Below are some records. Output the lines from the first one through the line that holds "大きさの違う3つのカップを組", exactly as written, with no pictures.

(Data extracted from a collection)
=== Section Start ===

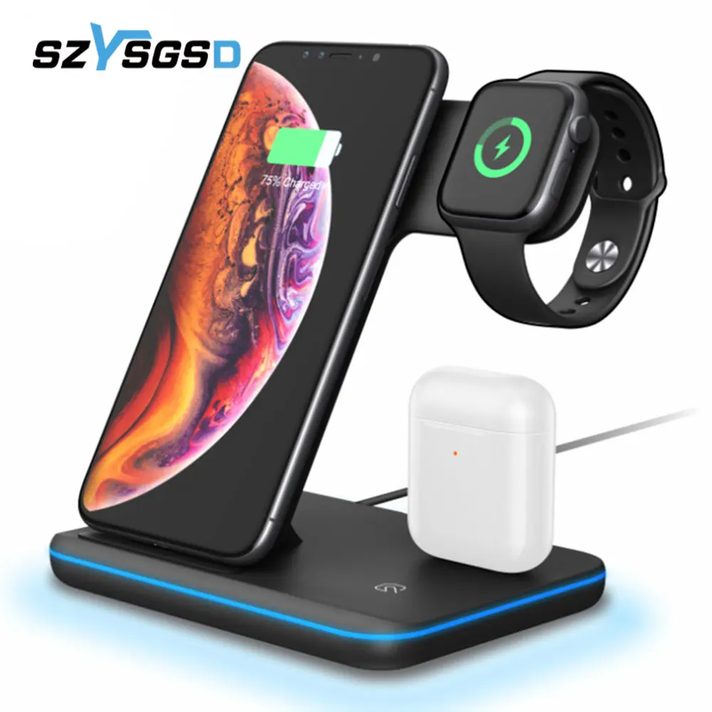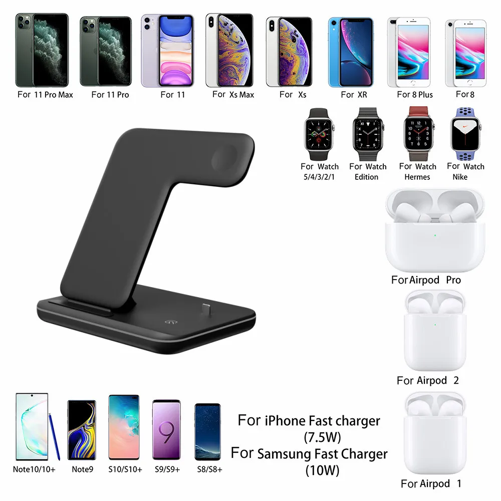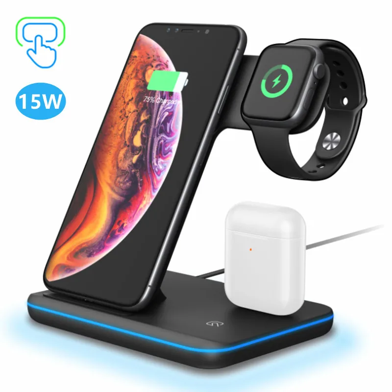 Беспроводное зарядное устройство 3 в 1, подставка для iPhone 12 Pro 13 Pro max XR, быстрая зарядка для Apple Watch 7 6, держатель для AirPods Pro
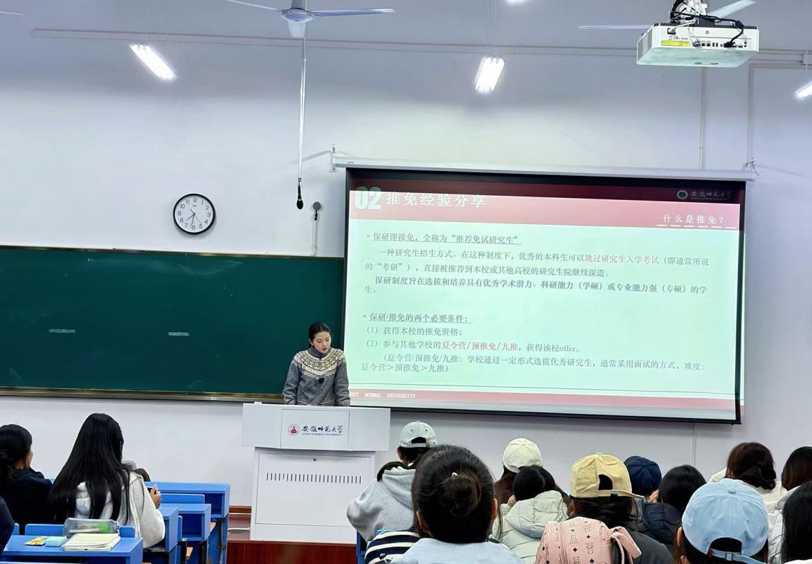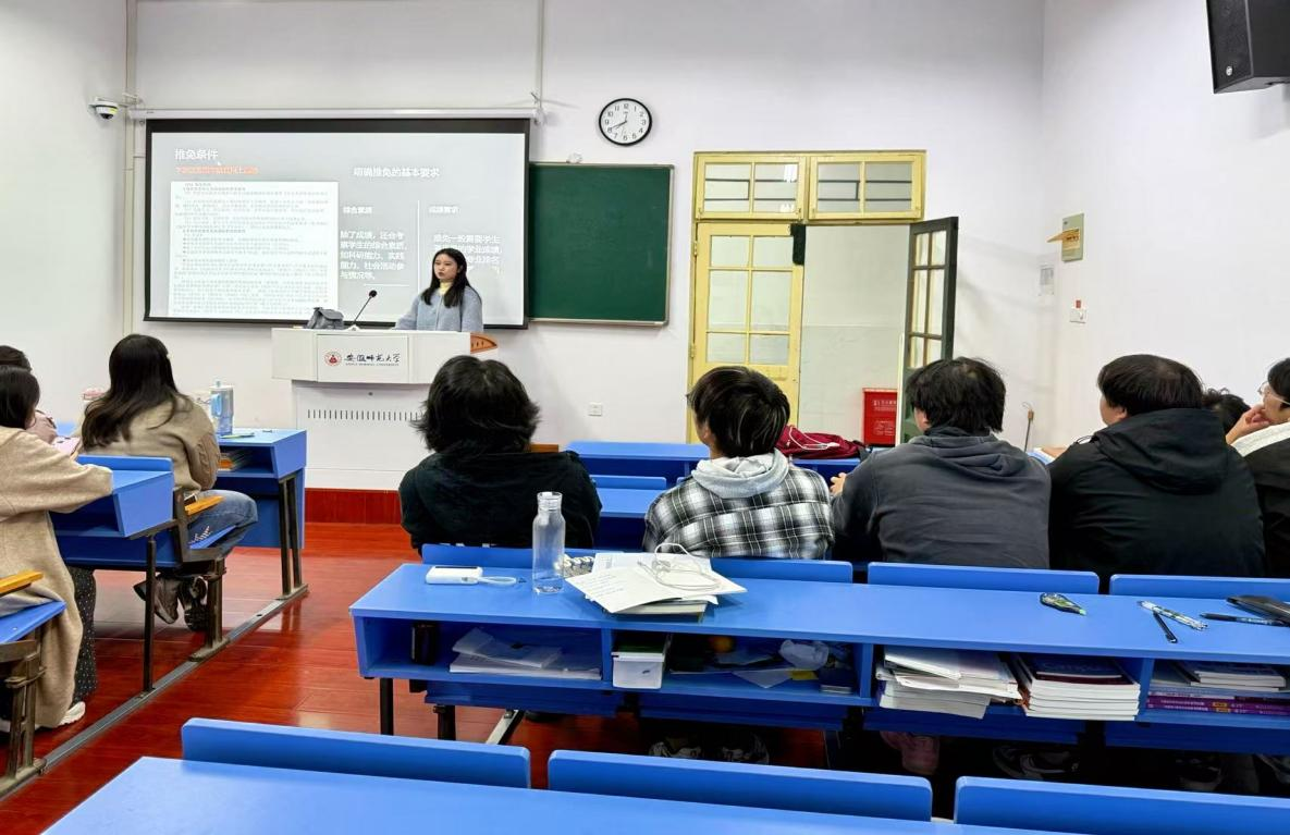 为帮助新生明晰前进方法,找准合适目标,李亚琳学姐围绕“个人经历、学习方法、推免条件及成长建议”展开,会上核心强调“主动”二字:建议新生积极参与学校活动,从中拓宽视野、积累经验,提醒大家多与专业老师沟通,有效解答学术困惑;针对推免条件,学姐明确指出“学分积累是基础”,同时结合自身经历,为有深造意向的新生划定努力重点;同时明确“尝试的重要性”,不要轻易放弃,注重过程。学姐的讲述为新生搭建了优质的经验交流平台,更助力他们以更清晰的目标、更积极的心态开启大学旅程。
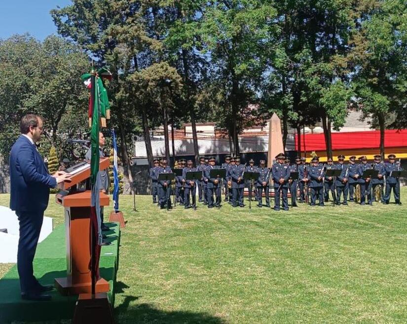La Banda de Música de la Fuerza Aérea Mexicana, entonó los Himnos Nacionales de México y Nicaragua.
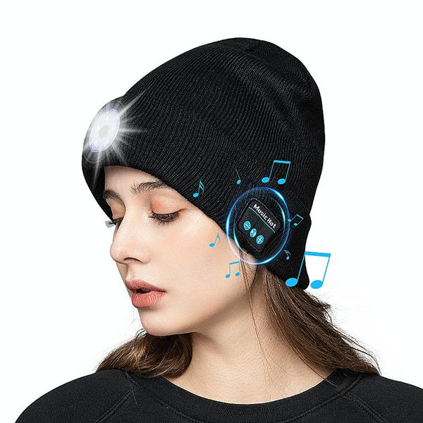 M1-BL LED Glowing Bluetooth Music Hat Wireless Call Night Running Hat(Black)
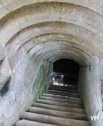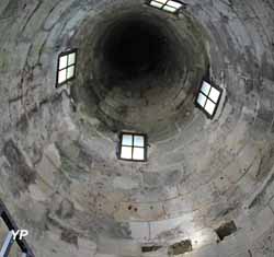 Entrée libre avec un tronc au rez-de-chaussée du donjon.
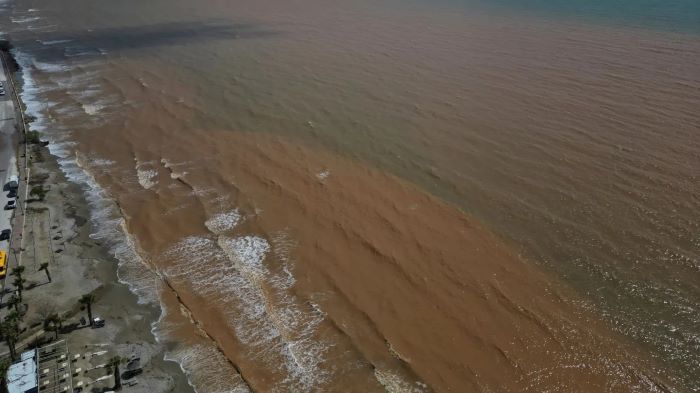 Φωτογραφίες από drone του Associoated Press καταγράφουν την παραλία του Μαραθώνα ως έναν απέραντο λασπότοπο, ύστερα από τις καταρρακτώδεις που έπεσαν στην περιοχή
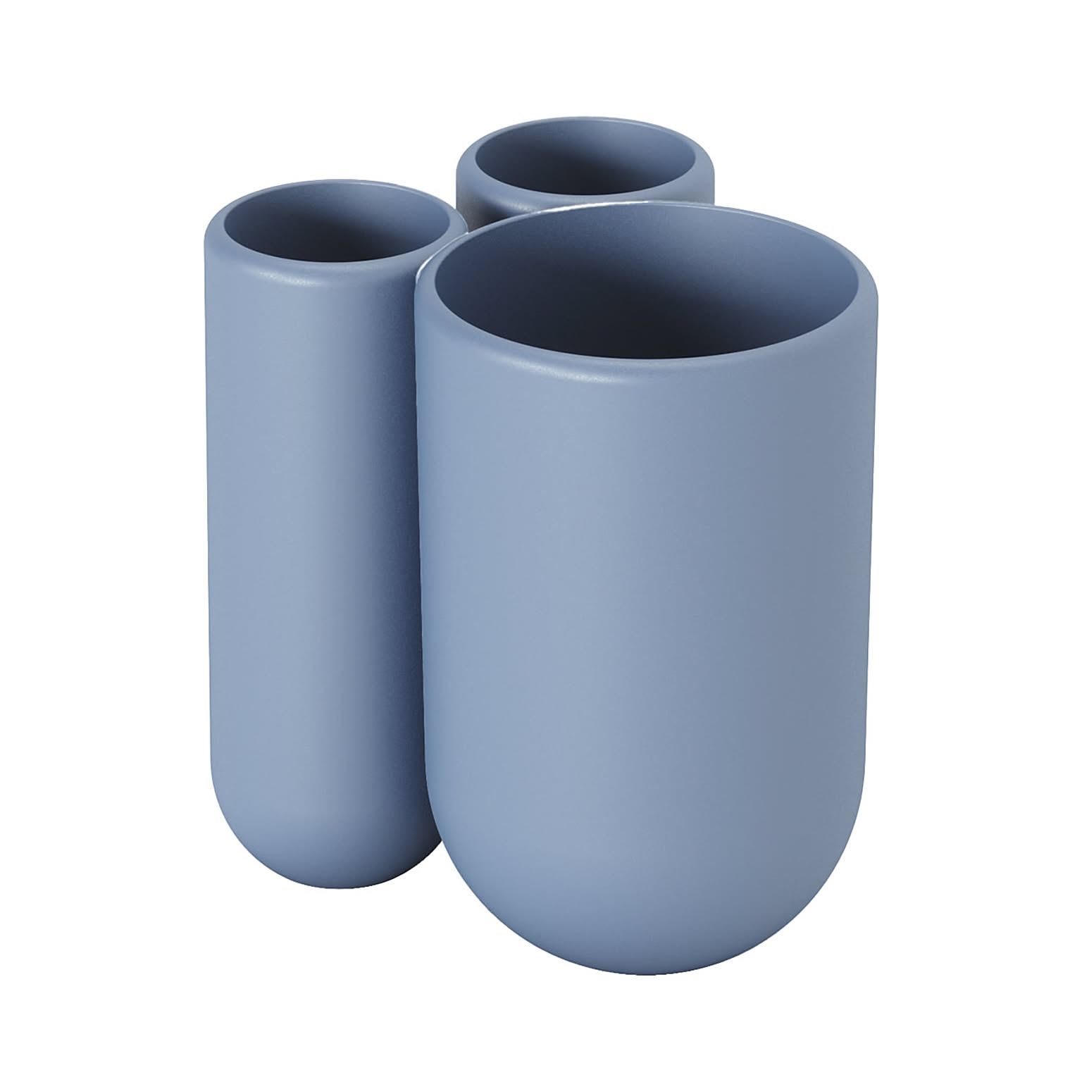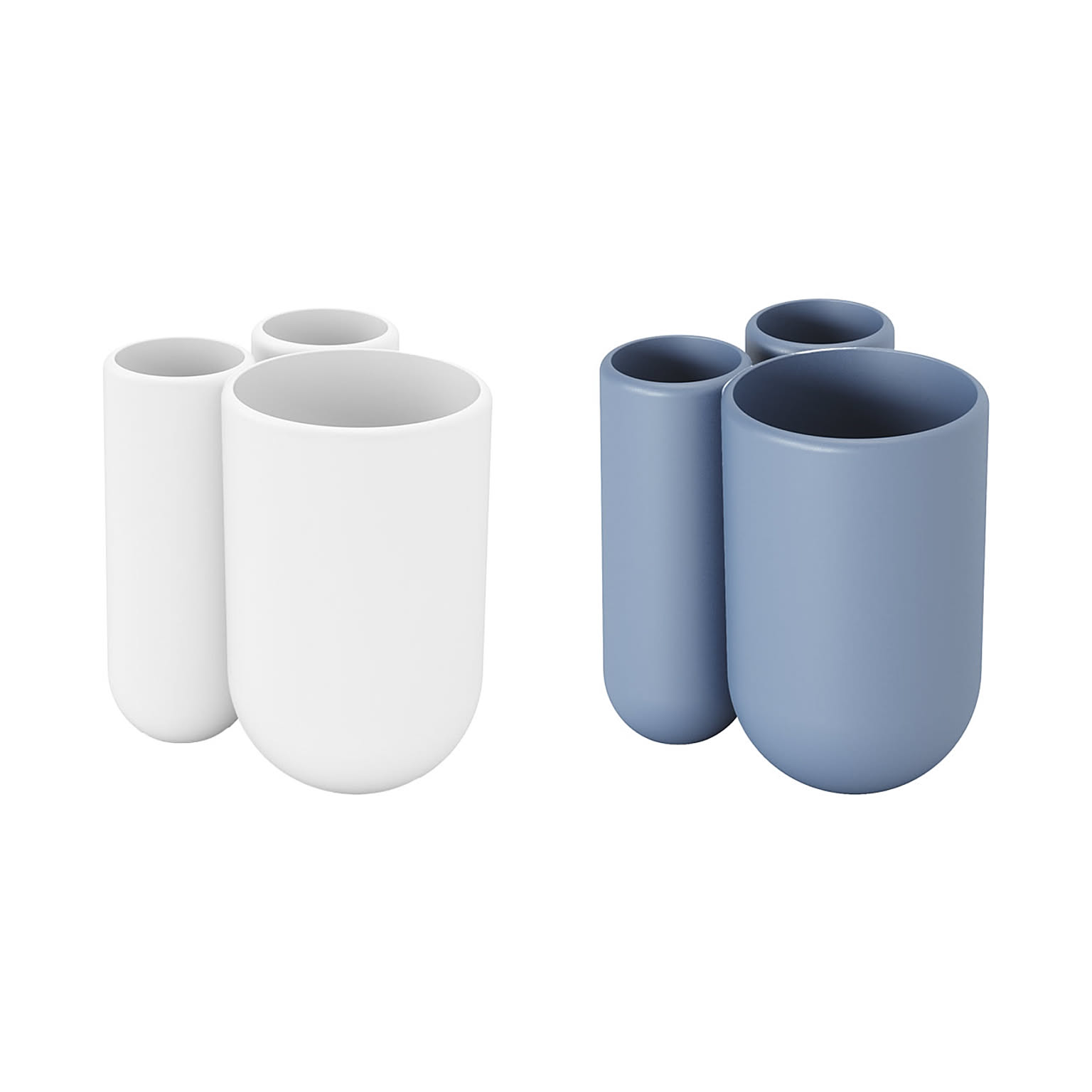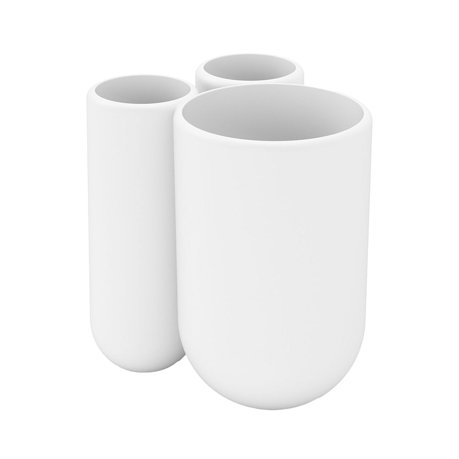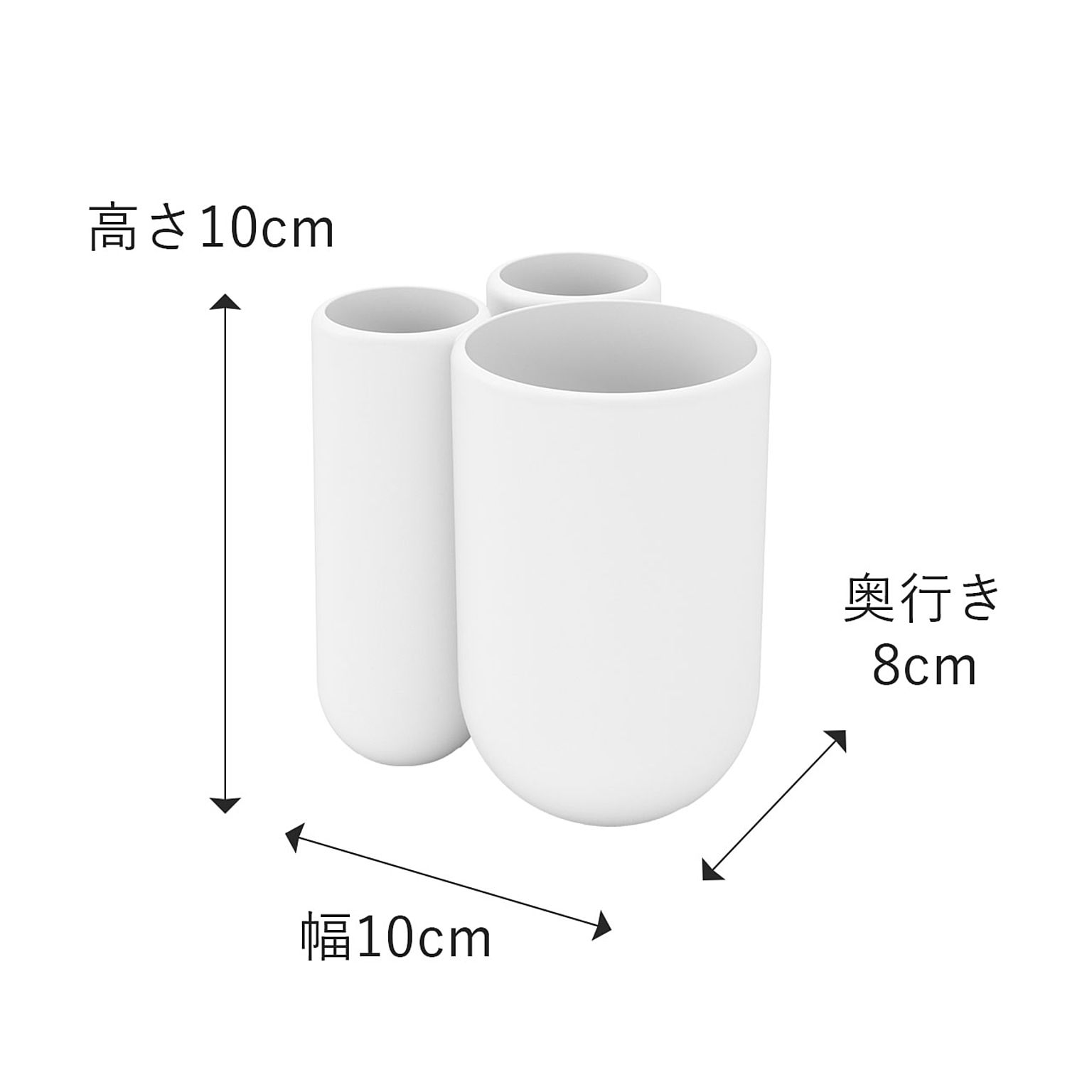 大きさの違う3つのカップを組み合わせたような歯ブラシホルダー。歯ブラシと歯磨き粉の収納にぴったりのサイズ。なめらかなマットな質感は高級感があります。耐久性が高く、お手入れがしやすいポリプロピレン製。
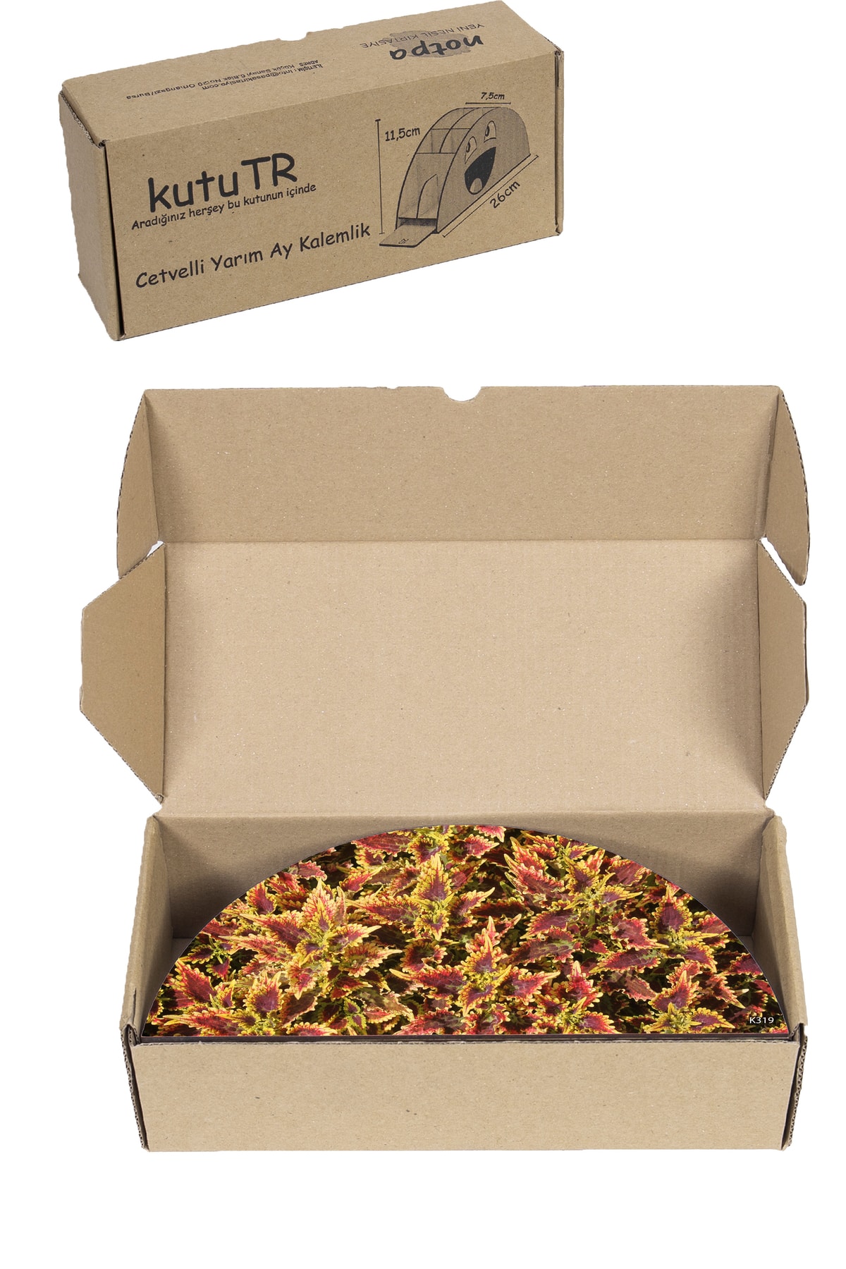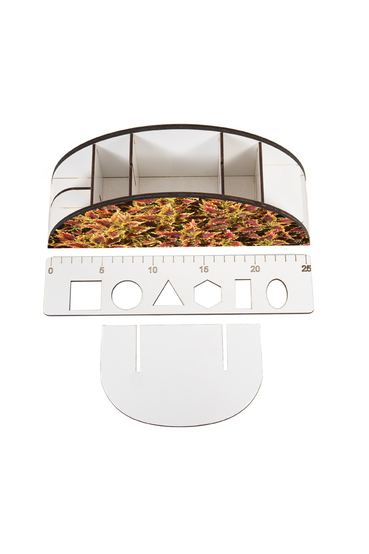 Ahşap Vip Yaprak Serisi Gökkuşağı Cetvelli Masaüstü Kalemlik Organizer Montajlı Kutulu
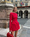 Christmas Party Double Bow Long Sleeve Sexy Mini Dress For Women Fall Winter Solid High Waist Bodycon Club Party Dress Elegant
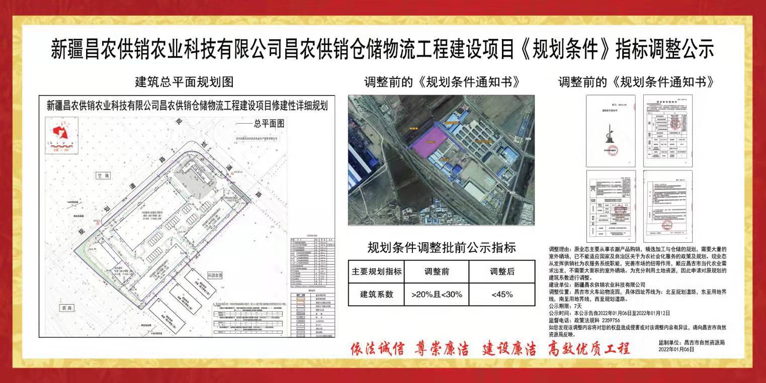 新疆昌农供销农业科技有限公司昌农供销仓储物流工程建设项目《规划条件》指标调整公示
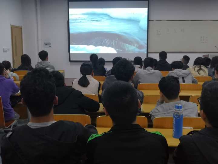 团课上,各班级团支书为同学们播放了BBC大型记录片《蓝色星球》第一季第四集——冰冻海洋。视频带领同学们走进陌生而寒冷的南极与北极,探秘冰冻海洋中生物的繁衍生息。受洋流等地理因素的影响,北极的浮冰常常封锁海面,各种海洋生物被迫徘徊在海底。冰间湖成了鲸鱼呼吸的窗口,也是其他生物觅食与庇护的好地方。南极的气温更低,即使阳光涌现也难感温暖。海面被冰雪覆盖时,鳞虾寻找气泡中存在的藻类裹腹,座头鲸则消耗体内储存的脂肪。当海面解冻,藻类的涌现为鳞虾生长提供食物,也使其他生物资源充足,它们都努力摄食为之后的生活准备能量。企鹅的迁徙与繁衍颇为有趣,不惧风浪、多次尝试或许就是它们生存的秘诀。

=== Section End ===

RESPONSE TO THE TASK:
 Беспроводное зарядное устройство 3 в 1, подставка для iPhone 12 Pro 13 Pro max XR, быстрая зарядка для Apple Watch 7 6, держатель для AirPods Pro
 为帮助新生明晰前进方法,找准合适目标,李亚琳学姐围绕“个人经历、学习方法、推免条件及成长建议”展开,会上核心强调“主动”二字:建议新生积极参与学校活动,从中拓宽视野、积累经验,提醒大家多与专业老师沟通,有效解答学术困惑;针对推免条件,学姐明确指出“学分积累是基础”,同时结合自身经历,为有深造意向的新生划定努力重点;同时明确“尝试的重要性”,不要轻易放弃,注重过程。学姐的讲述为新生搭建了优质的经验交流平台,更助力他们以更清晰的目标、更积极的心态开启大学旅程。
La Banda de Música de la Fuerza Aérea Mexicana, entonó los Himnos Nacionales de México y Nicaragua.
 M1-BL LED Glowing Bluetooth Music Hat Wireless Call Night Running Hat(Black)
 Entrée libre avec un tronc au rez-de-chaussée du donjon.
 Φωτογραφίες από drone του Associoated Press καταγράφουν την παραλία του Μαραθώνα ως έναν απέραντο λασπότοπο, ύστερα από τις καταρρακτώδεις που έπεσαν στην περιοχή
 大きさの違う3つのカップを組み合わせたような歯ブラシホルダー。歯ブラシと歯磨き粉の収納にぴったりのサイズ。なめらかなマットな質感は高級感があります。耐久性が高く、お手入れがしやすいポリプロピレン製。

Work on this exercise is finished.